**Work instruction**.
Your answer should consist of each line below that contains the string "adding".

**Listed records**.
────────────────────

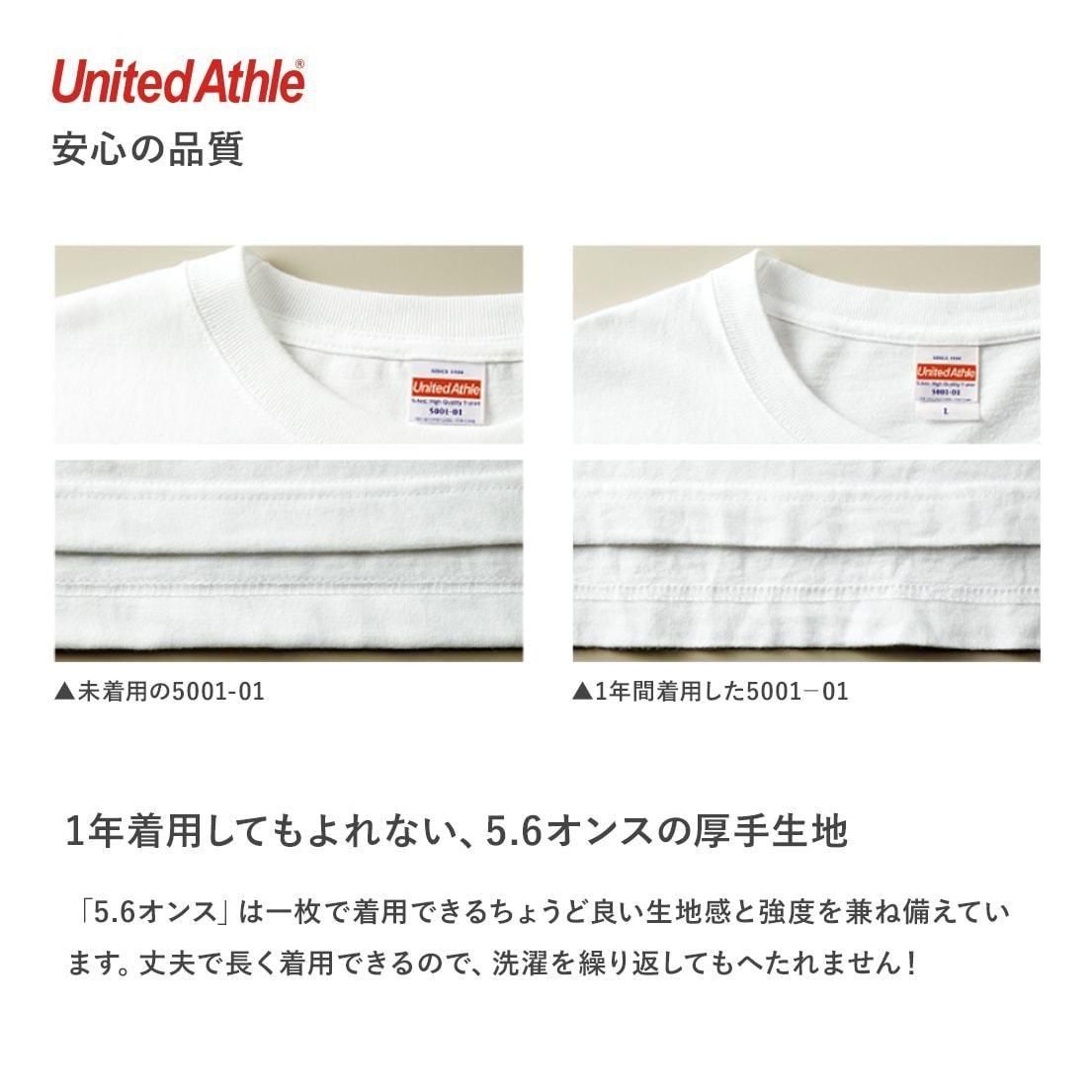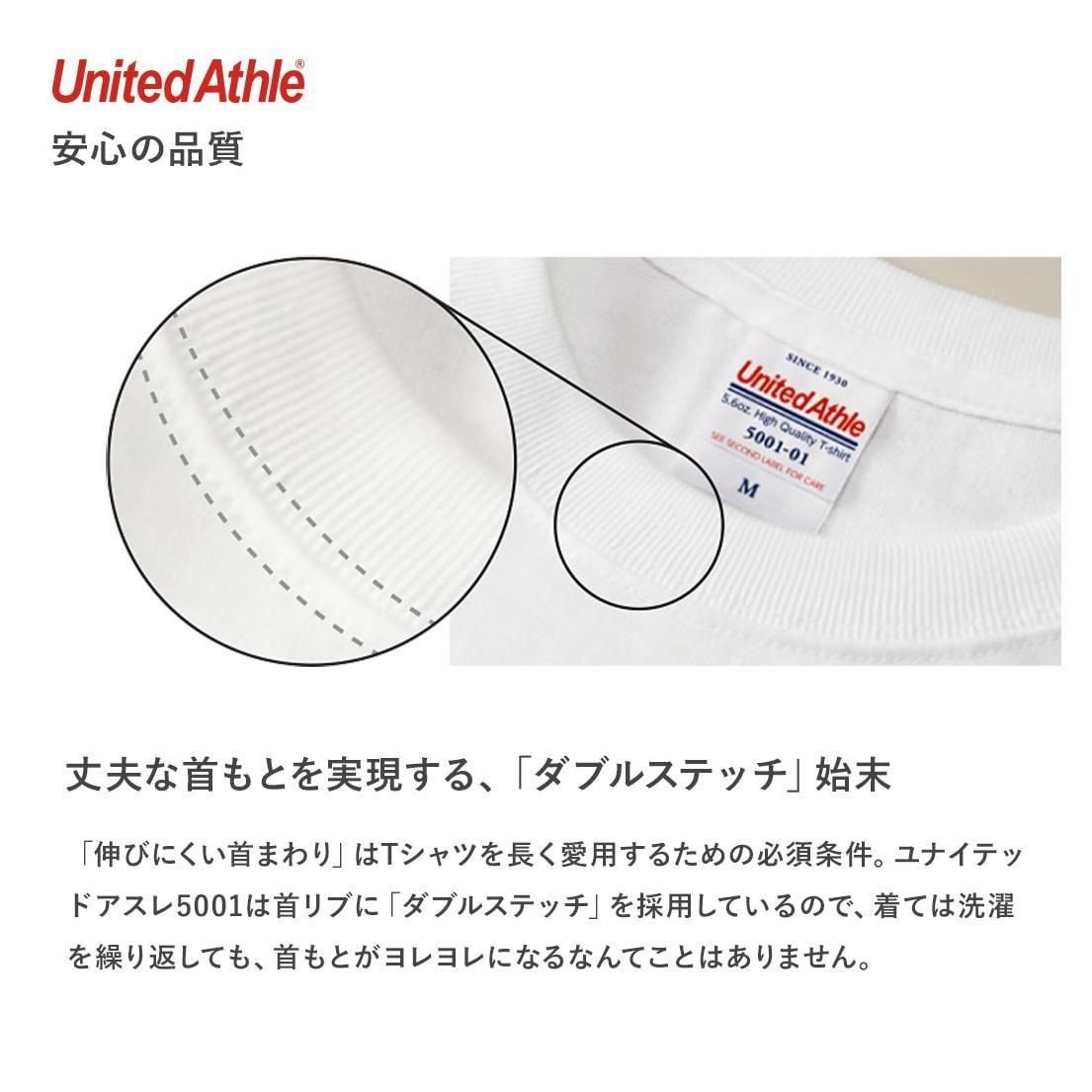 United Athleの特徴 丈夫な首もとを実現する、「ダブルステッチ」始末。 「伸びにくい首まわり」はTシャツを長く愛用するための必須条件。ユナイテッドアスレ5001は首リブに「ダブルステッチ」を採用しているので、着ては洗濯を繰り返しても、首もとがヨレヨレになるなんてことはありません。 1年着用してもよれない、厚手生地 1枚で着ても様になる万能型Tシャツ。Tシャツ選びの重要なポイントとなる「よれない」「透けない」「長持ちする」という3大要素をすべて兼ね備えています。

────────────────────

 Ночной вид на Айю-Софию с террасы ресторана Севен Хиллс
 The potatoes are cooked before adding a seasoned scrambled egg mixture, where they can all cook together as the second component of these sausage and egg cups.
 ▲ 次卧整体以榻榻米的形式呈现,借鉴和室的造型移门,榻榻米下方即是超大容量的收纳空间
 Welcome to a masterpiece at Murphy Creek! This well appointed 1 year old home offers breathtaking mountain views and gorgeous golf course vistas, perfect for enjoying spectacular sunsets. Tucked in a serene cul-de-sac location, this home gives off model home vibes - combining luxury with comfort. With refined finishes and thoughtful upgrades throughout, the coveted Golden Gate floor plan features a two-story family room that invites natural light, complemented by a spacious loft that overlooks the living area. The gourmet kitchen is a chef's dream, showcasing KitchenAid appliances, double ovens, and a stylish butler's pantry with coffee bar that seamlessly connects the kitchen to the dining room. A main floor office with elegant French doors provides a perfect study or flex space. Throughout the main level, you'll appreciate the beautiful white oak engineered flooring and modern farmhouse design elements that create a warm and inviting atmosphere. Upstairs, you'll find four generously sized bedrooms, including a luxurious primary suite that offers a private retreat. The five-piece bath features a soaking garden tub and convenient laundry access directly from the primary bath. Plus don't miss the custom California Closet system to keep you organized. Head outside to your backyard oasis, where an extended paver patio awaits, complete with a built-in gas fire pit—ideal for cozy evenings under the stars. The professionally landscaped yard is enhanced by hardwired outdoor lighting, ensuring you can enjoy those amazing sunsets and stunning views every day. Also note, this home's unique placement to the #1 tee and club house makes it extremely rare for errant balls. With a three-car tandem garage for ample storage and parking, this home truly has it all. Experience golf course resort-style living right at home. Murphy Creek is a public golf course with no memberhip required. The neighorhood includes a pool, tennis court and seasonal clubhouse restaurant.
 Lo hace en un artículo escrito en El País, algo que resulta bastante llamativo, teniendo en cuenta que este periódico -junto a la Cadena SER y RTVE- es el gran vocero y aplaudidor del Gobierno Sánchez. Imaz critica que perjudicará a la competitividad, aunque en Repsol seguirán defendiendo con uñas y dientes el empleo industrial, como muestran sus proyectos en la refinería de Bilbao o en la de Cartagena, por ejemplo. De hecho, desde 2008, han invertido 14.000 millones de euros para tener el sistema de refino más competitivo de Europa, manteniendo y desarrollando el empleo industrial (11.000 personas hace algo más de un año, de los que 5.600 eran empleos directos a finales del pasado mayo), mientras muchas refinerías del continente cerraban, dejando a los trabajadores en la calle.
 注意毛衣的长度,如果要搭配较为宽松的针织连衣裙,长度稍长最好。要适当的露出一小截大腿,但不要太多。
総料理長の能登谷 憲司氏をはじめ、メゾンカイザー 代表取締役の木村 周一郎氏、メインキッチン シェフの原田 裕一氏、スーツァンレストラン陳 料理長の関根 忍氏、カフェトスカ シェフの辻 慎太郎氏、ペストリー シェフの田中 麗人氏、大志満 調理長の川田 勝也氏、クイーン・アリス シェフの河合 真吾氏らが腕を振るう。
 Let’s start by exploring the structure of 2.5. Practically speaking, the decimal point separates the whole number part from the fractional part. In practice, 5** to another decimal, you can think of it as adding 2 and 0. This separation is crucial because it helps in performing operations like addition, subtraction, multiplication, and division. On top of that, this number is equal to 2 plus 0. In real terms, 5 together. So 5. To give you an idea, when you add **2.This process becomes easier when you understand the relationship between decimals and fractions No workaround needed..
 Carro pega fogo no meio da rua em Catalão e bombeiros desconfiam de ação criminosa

────────────────────

**Solution for this problem**.
 The potatoes are cooked before adding a seasoned scrambled egg mixture, where they can all cook together as the second component of these sausage and egg cups.
 Let’s start by exploring the structure of 2.5. Practically speaking, the decimal point separates the whole number part from the fractional part. In practice, 5** to another decimal, you can think of it as adding 2 and 0. This separation is crucial because it helps in performing operations like addition, subtraction, multiplication, and division. On top of that, this number is equal to 2 plus 0. In real terms, 5 together. So 5. To give you an idea, when you add **2.This process becomes easier when you understand the relationship between decimals and fractions No workaround needed..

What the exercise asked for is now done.